Where’s the Diversity in Animal Welfare Advocacy?

During the economic downturn we stopped spending money on lots of things. But what did we not stop spending money on? Our pets. In fact, spending on pets actually increased during the recession, which is why every bozo with a gimmick is starting a pet-related business.

So why does that love for our pets not translate into advocacy?

Why do all vegans in the media seem to look like this? Are there no vegans of color? No fat vegans?  (Photo: Greenprophet.com)
Well, for one reason, the animal welfare “clique” isn’t very inclusive.

And that’s not just me saying that, though I’ve been saying that for several years now. No, Dr. Corey Lee Wrenn analyzed media from two major animal rights movement publications and found evidence it’s true.
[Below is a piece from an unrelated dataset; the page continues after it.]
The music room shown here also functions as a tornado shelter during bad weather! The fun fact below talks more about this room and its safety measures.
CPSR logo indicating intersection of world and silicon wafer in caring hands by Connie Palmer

For instance,  60% of the photo subjects in those publications were of women, over 80% were white, and over 90% were thin. So much for diversity.

Kaley-Cuoco, the lastest face of animal welfare advocacy (By Mingle Media TV [CC BY-SA 2.0 (http://creativecommons.org/licenses/by-sa/2.0)%5D, via Wikimedia Commons)
This idea that one can change the world without inclusion is an idiotic one, and yet groups of well-intentioned people fall into that trap all the time. It’s an elitist and bigoted message that implies, “You really don’t fit in with us, but we’ll  call you if  we need you to do some grunt work.”

Bully for you asshole. If you keep sending me the message you won’t want me, you can rest assured I won’t be there to help. I have better things to do with my time.

So what’s the answer? That’s up to the advocacy groups. Ready to open up your ranks yet to rest of us?


Dr. Wrenn’s research entitled An Analysis of Diversity in Nonhuman Animal Rights Media was published in December 2015 in the Journal of Agriculture and Environmental Ethics.



16 thoughts on “Where’s the Diversity in Animal Welfare Advocacy?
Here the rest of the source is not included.